Liability for foundation damage under a multi-year series of CGL policies was at issue in Mid-Continent Casualty Co. v. Castagna, No.05-12-00383-CV (Aug. 20, 2013).  Among other holdings, the Court concluded that one policy, which named “McClure Brothers Custom Homes, LLC,” did not extend to an entity of which it was a general partner, “McClure Brothers Homes LP,” because of an exclusion “with respect to the conduct of any current or past partnership . . . or limited liability company” not expressly named. While that policy did reach members and managers of the LLC, no summary judgment evidence made that connection as to this party.  The Court also found that a breach of the implied warranty of good workmanship, despite its relationship to the parties’ construction contracts, did not go so far as to trigger the “contractual liability” exclusion under Gilbert Texas Construction, LP v. Underwriters at Lloyds, 327 S.W.3d 118 (Tex. 2010).

The court has issued some interesting comments in connection with the denial of a motion for rehearing in a condemnation case.  In the jury charge conference, Dallas County objected to the property owner’s proposed definition of “Cost to Cure,” but the specific basis of the objection was unclear.  The trial judge eventually summarized the objection as being that the instruction amounted to a comment on the weight of the evidence, and the County agreed.  The trial judge fixed that problem by modifying the instruction to award cost to cure damages, “if any.”  On appeal, the County attempted to argue that the definition was actually “an incorrect statement of Texas law,” but the court of appeals rejected that claim:

A party objecting to the jury charge must “point out distinctly the objectionable matter and the grounds of the objection.” Tex. R. Civ. P. 274. When the complaining party’s objection is, “in the opinion of the appellate court, obscured or concealed by voluminous unfounded objections, minute differentiations or numerous unnecessary requests, such objection or request shall be untenable.” Id.
Reviewing the reporter’s record of the charge conference, we cannot determine the County’s exact complaint to the trial court concerning “cost to cure” except that it constituted a comment on the weight of the evidence.
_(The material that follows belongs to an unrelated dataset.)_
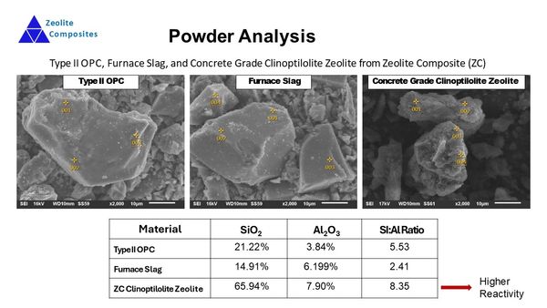 The zeolite from Zeolite Composites is uniquely suited as an alternative SCM material for the replacement of OPC in traditional concrete materials and products because of its naturally occurring silica, alumina, and other key elements in the right amounts and ratios important for OPC replacement.

The trial court addressed that complaint by modifying the statement of the definition.

The court also rejected the County’s argument that the property owner’s expert had offered conclusory opinion testimony, since the County had failed to raise an issue as to the legal sufficiency of the testimony.  In its appellate briefing, the County had challenged the trial court’s admission of the expert testimony as being an abuse of discretion, but did not attack the legal sufficiency of the testimony.  For that reason, the court declined to evaluate whether the testimony was conclusory, and therefore denied the County’s motion for rehearing.
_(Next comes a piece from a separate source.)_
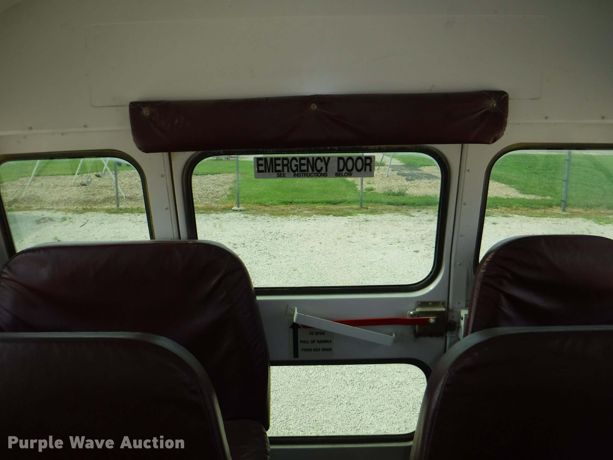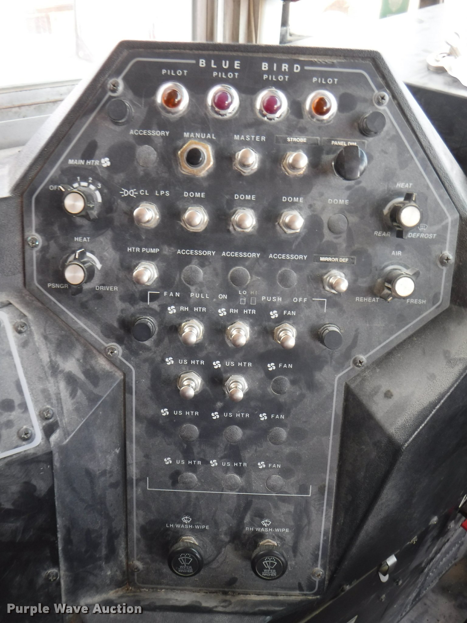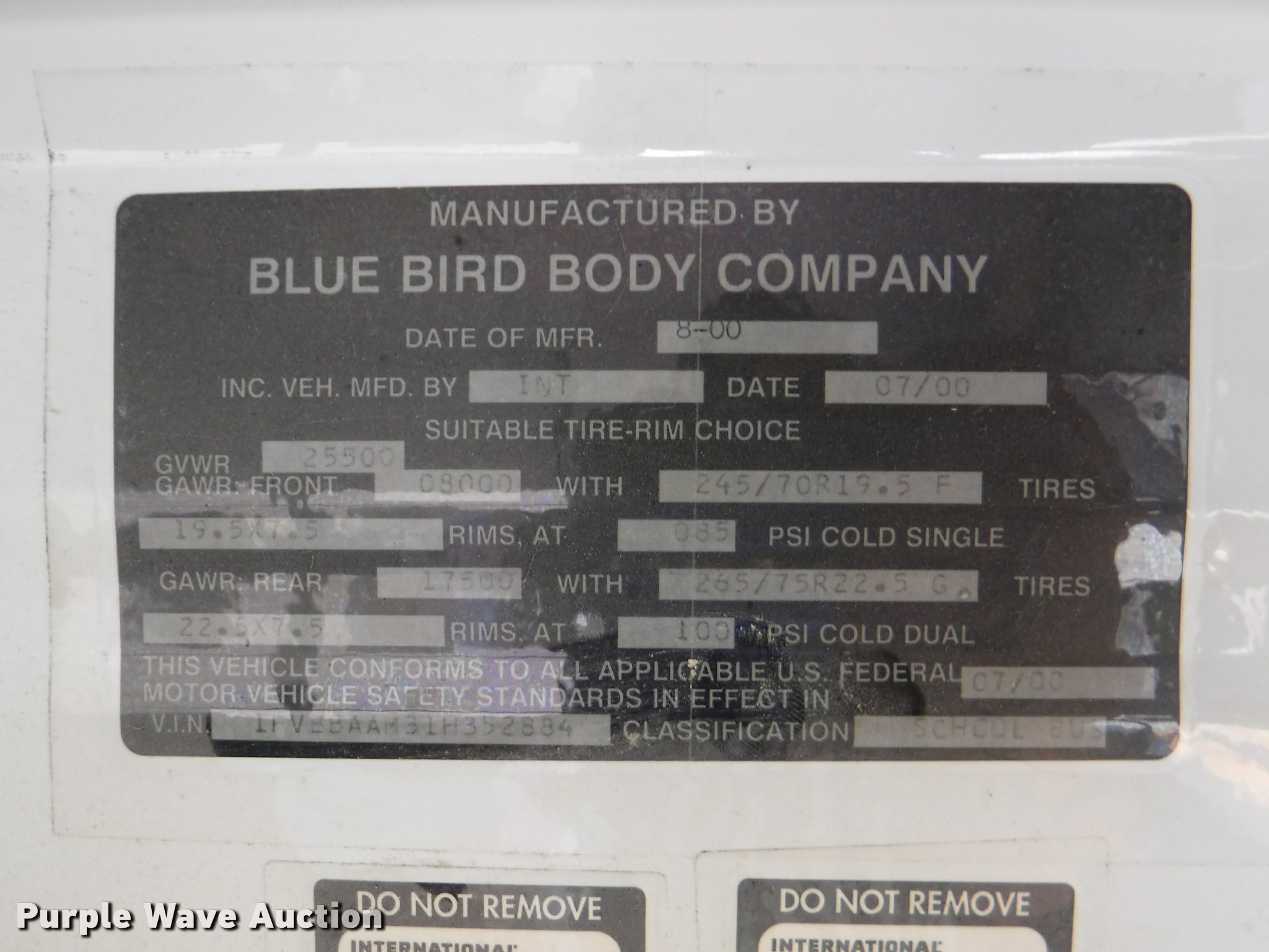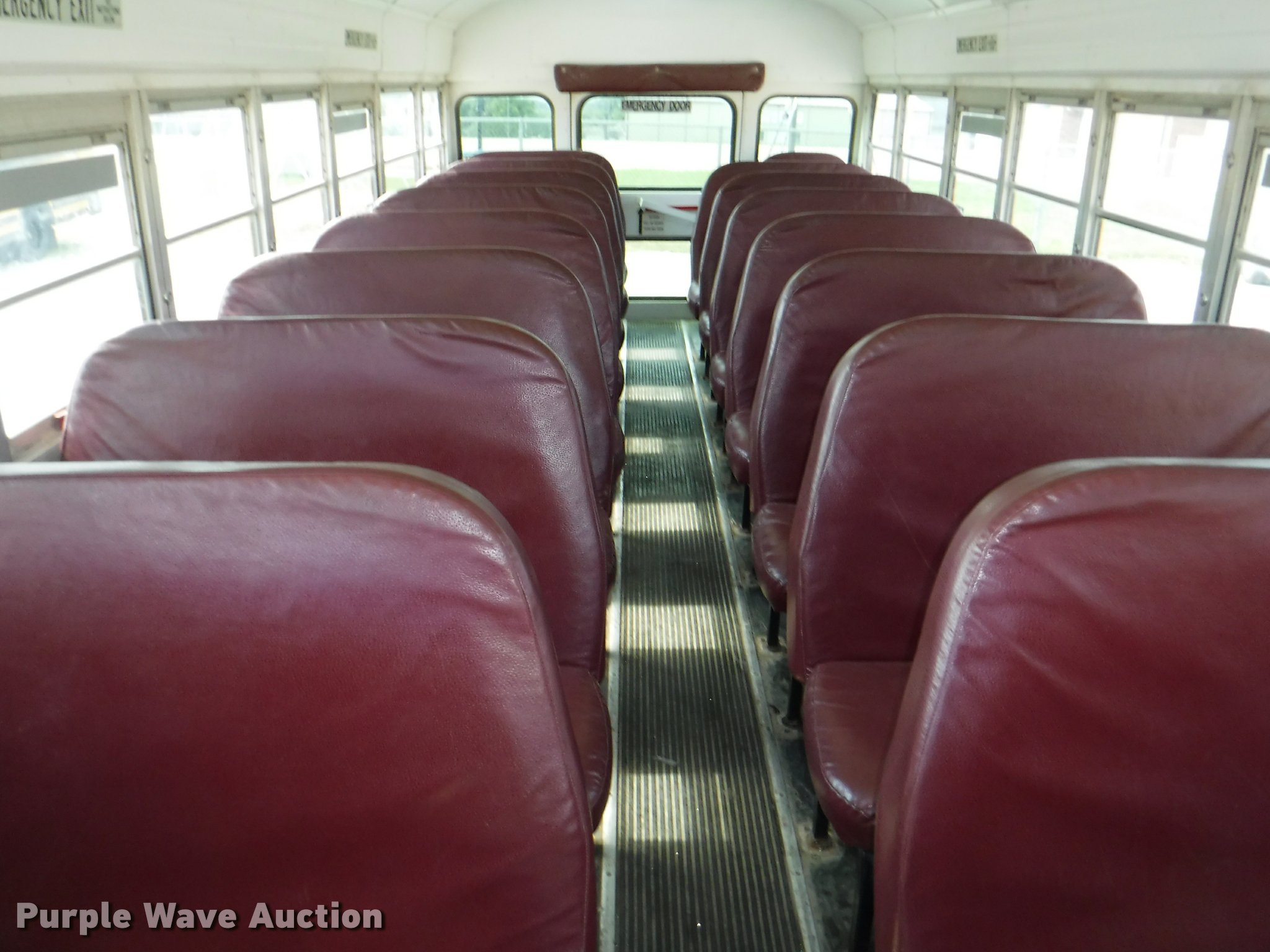 Purple Wave is selling a used Bus in Kansas. This item is a 2001 International 3800 Blue Bird school bus with the following: 174,271 miles on odometer, 5,867 hours on meter, International DT466E 7.6L L6 turbo diesel engine, Automatic transmission, Single axle, Heat, Cruise, AM/FM/cassette, Vinyl interior, 47 passenger capacity, Ceiling, rear, and side emergency exits, Lighted stop sign, Backup alarm, Block heater, Underside luggage storage, Rear tow hooks, Spring suspension, Hydraulic brakes, 194" wheelbase, 11R22.5 tires, GVWR 25,500 lbs, Decals will be painted over, Unit# 00-1

Dallas County, Texas v. Crestview Corners Car Wash, No. 05-09-00623-CV

The court also issued a memorandum opinion in another governmental immunity case.  In this instance, the court of appeals affirmed the trial court’s denial of a plea to the jurisdiction, concluding that the plaintiff had properly alleged a waiver of sovereign immunity based on the government body’s use or condition of tangible personal property – namely, the 4×8-foot, improperly secured whiteboard that had fallen on the plaintiff’s head.
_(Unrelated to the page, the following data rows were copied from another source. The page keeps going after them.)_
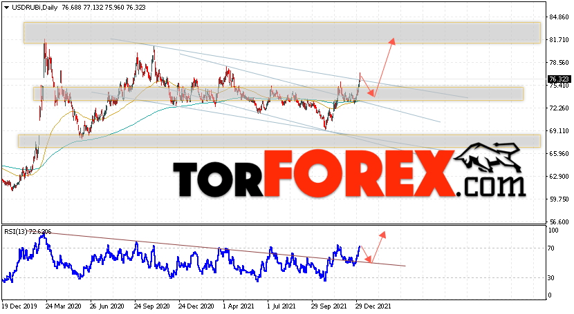 Валютная пара Доллар Рубль USD/RUB завершает торговую неделю вблизи уровня 76.32 Рублей за Доллар США. Пара продолжает движение в рамках роста и покинула пределы медвежьего канала. Скользящие средние указывают на наличие нисходящей тенденции. Цены пробили область между сигнальными линиями вверх, что указывает на давление со стороны покупателей доллара США и вероятное продолжение роста пары уже с этих уровней. На текущей торговой неделе 10 — 14 января 2022 стоит ожидать попытку развития коррекции и тест области поддержки вблизи уровня 72.55. Откуда стоит ожидать отскок вверх и продолжение роста курса Доллара к Российскому Рублю выше уровня 81.45.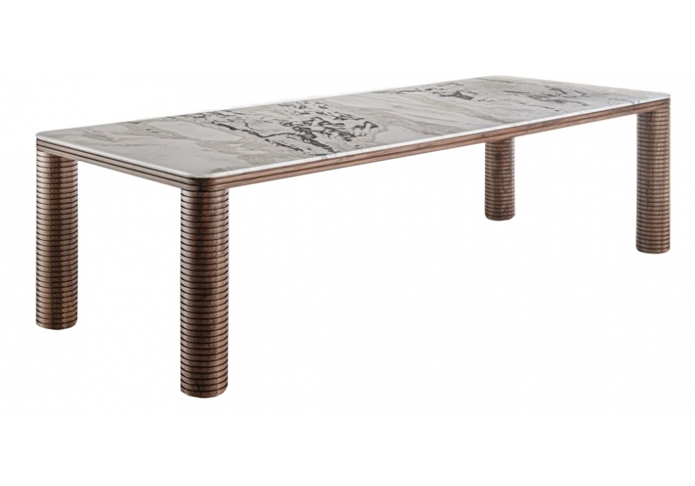 Sansiro diseñada por Meneghello Paolelli para Porada es una mesa de comedor rectangular con esquinas redondeadas, estructura en nogal canaletta macizo, tablero en mármol o roca y patas torneadas compuestas por cuatro maderas macizas. Las patas muestran signos de unión cerca de la unión entre los bloques.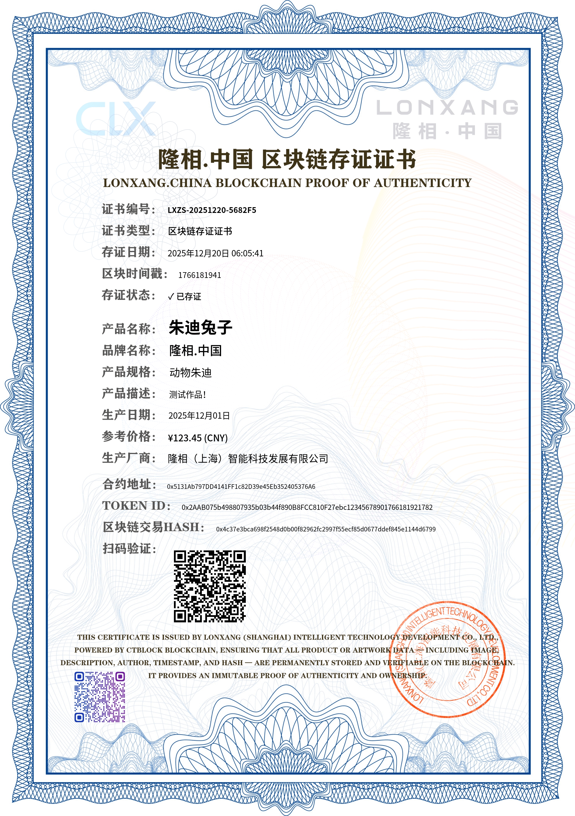 证书说明: 本证书由区块链技术保障,具有不可篡改、永久可追溯的特性。您可以保存或打印此证书作为产品正品凭证。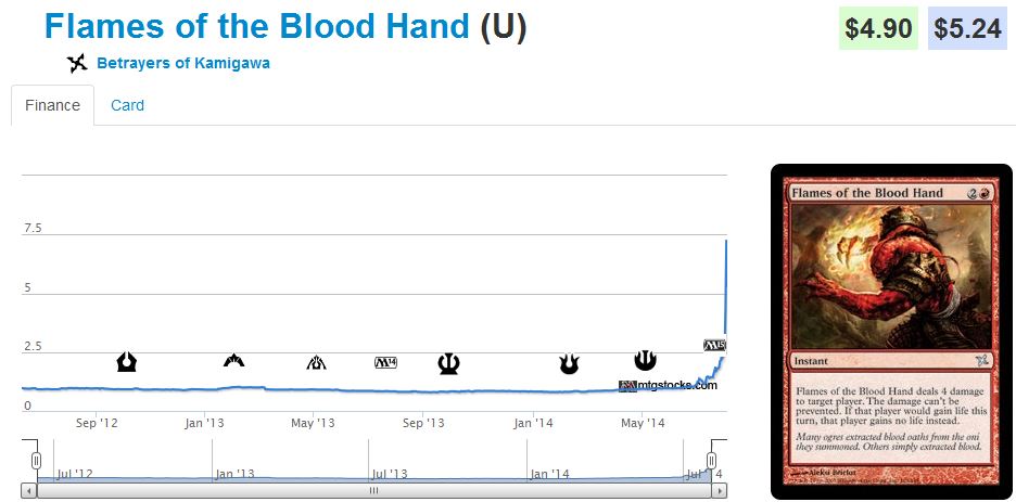 Sliver Overlord was suddenly scooped up thanks to the reappearance of Slivers in Magic 2015. Flames of the Blood Hand was suddenly bought up because of its recent success in mono red decks in Modern. The red sorcery isn’t as powerful as Skullcrack, but apparently life gain strategies in Modern are so prevalent that playing some Flames of the Blood Hand as “Skullcracks 5-8” is good enough. I guess that’s what happens when Kitchen Finks are everywhere and Soul Sisters is kind of a thing.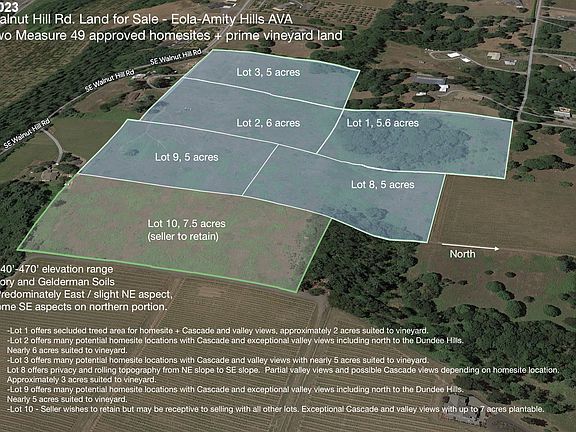 2 picturesque custom homesites available on Walnut Hill Rd. in the heart of Oregon Wine Country and the Eola-Amity Hills AVA. Some flexibility on configuration and acreage size. $349k price is for Lot 1, Lot 3 is available for $439k. Additional land with vineyard suitability available, call listing broker for details. Septic evaluation complete, county approval anticipated within several weeks, well quote available, power at road. Please do not enter property without broker present.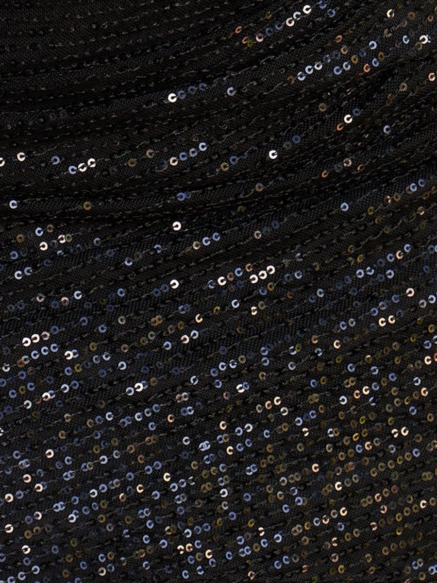 Introducing 'Greta'. the epitome of classic glamour with a twist. Designed in a figure-flaunting sheath style. this dress promises to accentuate your curves in all the right places. Radiate unmatched elegance with the shimmering sequin fabric that catches light from every angle. ensuring you stand out effortlessly. The spaghetti-strap V-neckline delicately frames your collarbone and neck. adding a touch of sultriness to this elegant ensemble. While the dress gracefully skims your figure. the criss-cross back design brings an element of surprise. showcasing a flirty yet sophisticated look.

Dallas Metrocare Services v. Juarez, No. 05-11-01144-CV

In a governmental immunity case, the court has sustained a plea to the jurisdiction asserted by the City of Dallas in response to a slip-and-fall case.  The plaintiff alleged she had fallen while trying to open a locked door that had a puddle of fallen rainwater in front of it.  The City filed an interlocutory appeal after the trial court denied its plea to the jurisdiction.  The court of appeals reversed and rendered judgment dismissing the plaintiff’s claims, concluding that (1) the plaintiff had failed to raise a fact issue showing the City had knowledge of the allegedly dangerous condition, and (2) a plaintiff injured by a premises defect on governmental property can only assert a premises defect claim under the Texas Tort Claims Act, not a claim for general negligence.  Without an express waiver of governmental immunity under the TTCA, the court dismissed the case for lack of subject matter jurisdiction.